(Stored records)
──────────────────────────────

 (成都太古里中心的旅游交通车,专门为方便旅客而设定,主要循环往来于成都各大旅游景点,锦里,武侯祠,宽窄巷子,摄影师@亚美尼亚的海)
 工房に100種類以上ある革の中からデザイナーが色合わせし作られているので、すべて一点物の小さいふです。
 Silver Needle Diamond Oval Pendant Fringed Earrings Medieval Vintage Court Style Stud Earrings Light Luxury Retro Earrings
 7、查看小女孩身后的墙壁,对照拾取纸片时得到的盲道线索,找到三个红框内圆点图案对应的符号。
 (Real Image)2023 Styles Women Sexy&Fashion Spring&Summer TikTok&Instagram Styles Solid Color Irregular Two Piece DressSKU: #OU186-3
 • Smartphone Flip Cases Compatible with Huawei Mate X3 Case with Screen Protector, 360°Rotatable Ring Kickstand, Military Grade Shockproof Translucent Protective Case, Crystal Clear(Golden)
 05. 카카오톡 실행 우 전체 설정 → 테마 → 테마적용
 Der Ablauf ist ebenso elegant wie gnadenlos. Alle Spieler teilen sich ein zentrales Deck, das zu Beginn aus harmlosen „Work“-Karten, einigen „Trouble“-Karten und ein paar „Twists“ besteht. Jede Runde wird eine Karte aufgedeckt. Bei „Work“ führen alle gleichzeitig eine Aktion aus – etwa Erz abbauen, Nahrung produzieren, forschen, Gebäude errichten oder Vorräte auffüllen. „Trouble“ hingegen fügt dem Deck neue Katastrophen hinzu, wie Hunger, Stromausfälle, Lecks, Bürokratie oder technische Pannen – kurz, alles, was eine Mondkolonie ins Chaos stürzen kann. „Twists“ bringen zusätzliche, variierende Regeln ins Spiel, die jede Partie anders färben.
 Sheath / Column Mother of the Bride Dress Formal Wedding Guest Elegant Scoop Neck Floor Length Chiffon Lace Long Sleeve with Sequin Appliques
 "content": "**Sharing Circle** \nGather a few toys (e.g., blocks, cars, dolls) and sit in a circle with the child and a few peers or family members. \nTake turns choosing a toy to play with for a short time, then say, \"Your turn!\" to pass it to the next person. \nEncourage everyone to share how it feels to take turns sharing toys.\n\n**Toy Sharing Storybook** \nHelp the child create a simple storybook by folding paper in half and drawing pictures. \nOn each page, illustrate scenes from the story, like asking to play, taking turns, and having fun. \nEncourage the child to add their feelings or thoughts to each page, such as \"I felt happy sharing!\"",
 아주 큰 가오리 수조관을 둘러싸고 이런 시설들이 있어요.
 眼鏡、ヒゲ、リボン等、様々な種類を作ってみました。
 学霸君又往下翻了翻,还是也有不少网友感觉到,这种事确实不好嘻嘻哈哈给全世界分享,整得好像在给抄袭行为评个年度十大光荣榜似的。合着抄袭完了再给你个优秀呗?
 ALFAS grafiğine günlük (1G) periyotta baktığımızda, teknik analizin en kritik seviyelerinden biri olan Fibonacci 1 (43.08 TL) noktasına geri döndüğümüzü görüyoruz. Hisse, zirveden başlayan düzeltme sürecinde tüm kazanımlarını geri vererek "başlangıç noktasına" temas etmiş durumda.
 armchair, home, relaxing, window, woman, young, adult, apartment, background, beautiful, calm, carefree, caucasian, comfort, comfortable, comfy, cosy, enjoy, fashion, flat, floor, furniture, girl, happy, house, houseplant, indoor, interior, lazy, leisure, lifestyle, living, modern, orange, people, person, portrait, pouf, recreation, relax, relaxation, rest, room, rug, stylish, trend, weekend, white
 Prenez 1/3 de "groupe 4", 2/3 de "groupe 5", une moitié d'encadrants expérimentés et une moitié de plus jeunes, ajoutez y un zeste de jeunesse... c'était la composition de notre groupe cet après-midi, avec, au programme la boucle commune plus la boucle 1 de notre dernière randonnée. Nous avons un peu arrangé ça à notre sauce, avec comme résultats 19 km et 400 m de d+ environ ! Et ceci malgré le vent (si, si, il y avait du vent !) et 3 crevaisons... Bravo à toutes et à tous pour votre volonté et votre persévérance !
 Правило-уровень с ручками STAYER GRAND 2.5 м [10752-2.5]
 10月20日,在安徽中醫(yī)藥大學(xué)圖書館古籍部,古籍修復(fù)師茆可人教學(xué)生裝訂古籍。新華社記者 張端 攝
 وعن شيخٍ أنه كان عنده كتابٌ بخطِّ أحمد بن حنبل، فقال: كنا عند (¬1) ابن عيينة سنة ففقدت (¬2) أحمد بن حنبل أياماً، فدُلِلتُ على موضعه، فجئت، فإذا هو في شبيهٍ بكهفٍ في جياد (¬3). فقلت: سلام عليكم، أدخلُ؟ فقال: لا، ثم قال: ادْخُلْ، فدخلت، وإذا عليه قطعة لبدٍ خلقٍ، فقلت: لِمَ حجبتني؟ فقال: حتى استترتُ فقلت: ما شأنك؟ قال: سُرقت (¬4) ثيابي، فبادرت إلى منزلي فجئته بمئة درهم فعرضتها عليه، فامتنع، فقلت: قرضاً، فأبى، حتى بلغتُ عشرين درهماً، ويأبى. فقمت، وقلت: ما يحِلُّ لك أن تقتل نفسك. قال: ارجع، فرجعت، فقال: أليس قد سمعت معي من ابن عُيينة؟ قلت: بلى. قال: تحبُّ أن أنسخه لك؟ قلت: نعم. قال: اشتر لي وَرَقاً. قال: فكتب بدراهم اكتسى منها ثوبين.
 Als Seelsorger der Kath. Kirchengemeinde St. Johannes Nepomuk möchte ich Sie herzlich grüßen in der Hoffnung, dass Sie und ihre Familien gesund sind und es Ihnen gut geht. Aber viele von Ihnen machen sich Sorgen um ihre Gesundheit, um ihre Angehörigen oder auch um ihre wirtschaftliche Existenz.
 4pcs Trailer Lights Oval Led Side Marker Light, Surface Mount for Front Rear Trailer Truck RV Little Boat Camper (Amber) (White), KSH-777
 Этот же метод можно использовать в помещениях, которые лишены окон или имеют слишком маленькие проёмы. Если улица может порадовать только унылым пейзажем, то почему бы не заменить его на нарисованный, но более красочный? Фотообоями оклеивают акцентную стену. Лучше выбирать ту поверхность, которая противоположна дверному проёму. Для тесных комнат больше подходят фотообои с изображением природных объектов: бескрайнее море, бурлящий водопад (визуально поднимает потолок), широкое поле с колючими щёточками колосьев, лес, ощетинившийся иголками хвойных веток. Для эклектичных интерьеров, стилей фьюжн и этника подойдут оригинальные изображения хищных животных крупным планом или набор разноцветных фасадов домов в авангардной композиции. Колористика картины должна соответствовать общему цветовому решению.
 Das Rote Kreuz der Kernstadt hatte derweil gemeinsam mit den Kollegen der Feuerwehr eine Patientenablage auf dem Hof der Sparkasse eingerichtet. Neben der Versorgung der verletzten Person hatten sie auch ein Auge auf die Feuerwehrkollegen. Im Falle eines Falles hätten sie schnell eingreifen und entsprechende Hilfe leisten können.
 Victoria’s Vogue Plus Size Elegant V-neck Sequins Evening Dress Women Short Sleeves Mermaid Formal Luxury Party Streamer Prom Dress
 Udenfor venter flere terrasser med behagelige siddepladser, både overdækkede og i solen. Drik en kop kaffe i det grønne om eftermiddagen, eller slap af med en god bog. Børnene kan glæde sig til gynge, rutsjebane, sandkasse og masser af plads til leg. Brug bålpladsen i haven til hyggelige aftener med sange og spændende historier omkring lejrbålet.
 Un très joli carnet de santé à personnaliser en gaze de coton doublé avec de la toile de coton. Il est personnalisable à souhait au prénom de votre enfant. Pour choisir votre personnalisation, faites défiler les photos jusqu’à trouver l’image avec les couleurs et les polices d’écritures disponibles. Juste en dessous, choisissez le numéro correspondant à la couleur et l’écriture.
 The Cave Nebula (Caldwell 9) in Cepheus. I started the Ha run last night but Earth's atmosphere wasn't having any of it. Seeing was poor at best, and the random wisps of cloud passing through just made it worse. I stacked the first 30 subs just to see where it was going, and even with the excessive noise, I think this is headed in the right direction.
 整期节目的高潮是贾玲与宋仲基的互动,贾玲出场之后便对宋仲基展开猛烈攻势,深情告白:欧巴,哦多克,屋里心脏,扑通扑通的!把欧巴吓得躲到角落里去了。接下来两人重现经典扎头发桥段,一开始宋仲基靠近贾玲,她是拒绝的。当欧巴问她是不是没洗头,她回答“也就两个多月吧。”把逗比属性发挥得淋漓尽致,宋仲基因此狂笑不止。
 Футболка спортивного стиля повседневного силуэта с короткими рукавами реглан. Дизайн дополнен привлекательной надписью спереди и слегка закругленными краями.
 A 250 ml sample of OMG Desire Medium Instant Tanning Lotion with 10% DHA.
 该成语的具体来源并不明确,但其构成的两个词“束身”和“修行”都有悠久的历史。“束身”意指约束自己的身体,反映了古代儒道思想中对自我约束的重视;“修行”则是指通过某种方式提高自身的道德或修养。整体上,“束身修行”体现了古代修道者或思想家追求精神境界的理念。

──────────────────────────────

Task —
Here the output must be the lines above from the line with "trend, weekend, white" to the line with "وعن شيخٍ أنه", both included, duplicated word for word and nothing else.

Result for this task —
 armchair, home, relaxing, window, woman, young, adult, apartment, background, beautiful, calm, carefree, caucasian, comfort, comfortable, comfy, cosy, enjoy, fashion, flat, floor, furniture, girl, happy, house, houseplant, indoor, interior, lazy, leisure, lifestyle, living, modern, orange, people, person, portrait, pouf, recreation, relax, relaxation, rest, room, rug, stylish, trend, weekend, white
 Prenez 1/3 de "groupe 4", 2/3 de "groupe 5", une moitié d'encadrants expérimentés et une moitié de plus jeunes, ajoutez y un zeste de jeunesse... c'était la composition de notre groupe cet après-midi, avec, au programme la boucle commune plus la boucle 1 de notre dernière randonnée. Nous avons un peu arrangé ça à notre sauce, avec comme résultats 19 km et 400 m de d+ environ ! Et ceci malgré le vent (si, si, il y avait du vent !) et 3 crevaisons... Bravo à toutes et à tous pour votre volonté et votre persévérance !
 Правило-уровень с ручками STAYER GRAND 2.5 м [10752-2.5]
 10月20日,在安徽中醫(yī)藥大學(xué)圖書館古籍部,古籍修復(fù)師茆可人教學(xué)生裝訂古籍。新華社記者 張端 攝
 وعن شيخٍ أنه كان عنده كتابٌ بخطِّ أحمد بن حنبل، فقال: كنا عند (¬1) ابن عيينة سنة ففقدت (¬2) أحمد بن حنبل أياماً، فدُلِلتُ على موضعه، فجئت، فإذا هو في شبيهٍ بكهفٍ في جياد (¬3). فقلت: سلام عليكم، أدخلُ؟ فقال: لا، ثم قال: ادْخُلْ، فدخلت، وإذا عليه قطعة لبدٍ خلقٍ، فقلت: لِمَ حجبتني؟ فقال: حتى استترتُ فقلت: ما شأنك؟ قال: سُرقت (¬4) ثيابي، فبادرت إلى منزلي فجئته بمئة درهم فعرضتها عليه، فامتنع، فقلت: قرضاً، فأبى، حتى بلغتُ عشرين درهماً، ويأبى. فقمت، وقلت: ما يحِلُّ لك أن تقتل نفسك. قال: ارجع، فرجعت، فقال: أليس قد سمعت معي من ابن عُيينة؟ قلت: بلى. قال: تحبُّ أن أنسخه لك؟ قلت: نعم. قال: اشتر لي وَرَقاً. قال: فكتب بدراهم اكتسى منها ثوبين.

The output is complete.